‘Appearances’ by Philip Gross

 
Appearances

“What’s the boy saying?” Gaunt hand wavering
at me, nails like polished horn (Don’t stare,
your uncle’s old and not well), signet ring
a gleam on the wasted flesh (And call him Sir),
the long-toothed grin, its awful vacancy …

then “Damn you, woman” – brittle, shrill –
“Where are you?” She moved, his iron-grey
shadow, a tight-lipped watchfulness, to still
him with a touch. She swung his chair away
to face the sun, then summoned me. Outside

she softened, “Look, peaches. From grandmother’s
time. Or her grandmother’s.” She smiled,
not at me, “We belong, you see: maids, gardeners,
caretakers, keepers … He’s like a child,
wilful, fearful, calling in the dark.
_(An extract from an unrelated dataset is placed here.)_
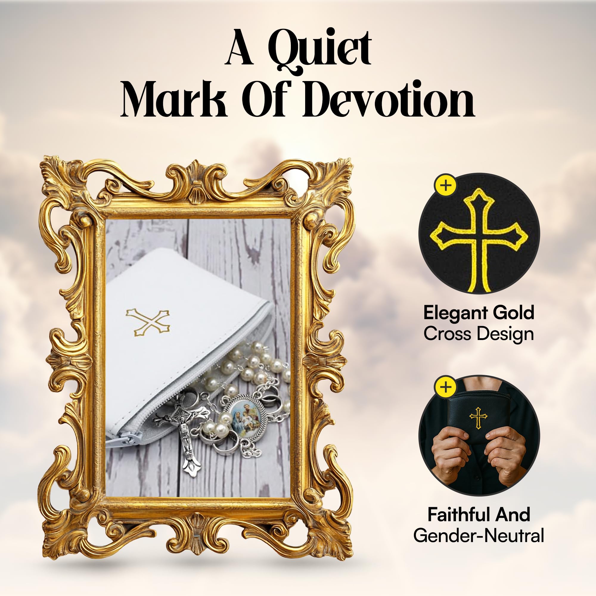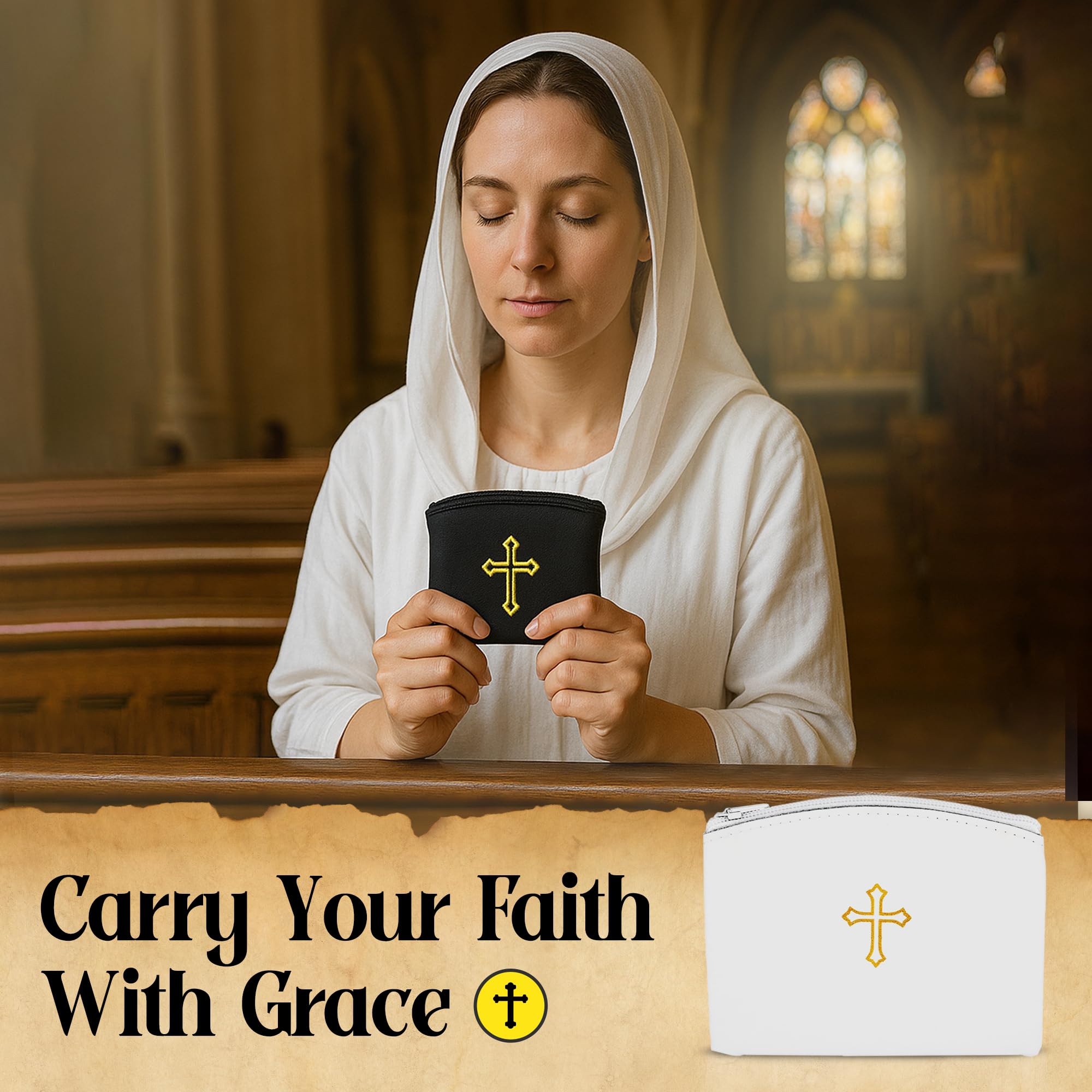 PROTECT & ORGANIZE ON THE GO – Used to store and carry rosaries, jewelry, credit cards, and small keepsakes, this pouch keeps essentials secure whether at home, on a church pew, or while traveling. It can be placed on a nightstand or altar when not in use.

And who

looks to appearances, but me? No, tell
your mother: there’s nothing here for you.”
Low hobbled trees, branches splayed parallel
to take the sun; the fruit . . . “He has the few
that ripen. Come.” He was famous in the family,

a stranger, scandalously rich, master of everything
beyond our grasp. She eased the one peach patiently
between fingers that grip, grip as if to wring
from the pale downed flesh some common property,
something given, shared, a ghost of tenderness.
 
 
Philip Gross has published fifteen collections since his first in 1983 and won the T S Eliot Prize for The Water Table (2009). This poem is from that first book; he writes ‘ I still value this poem, re-reading it now, and am not sure why I left it out of my Selected back in 2001. Maybe it has a new resonance for me in the light of my latest, Deep Field, which deals with my father’s loss of his language and other faculties in old age.’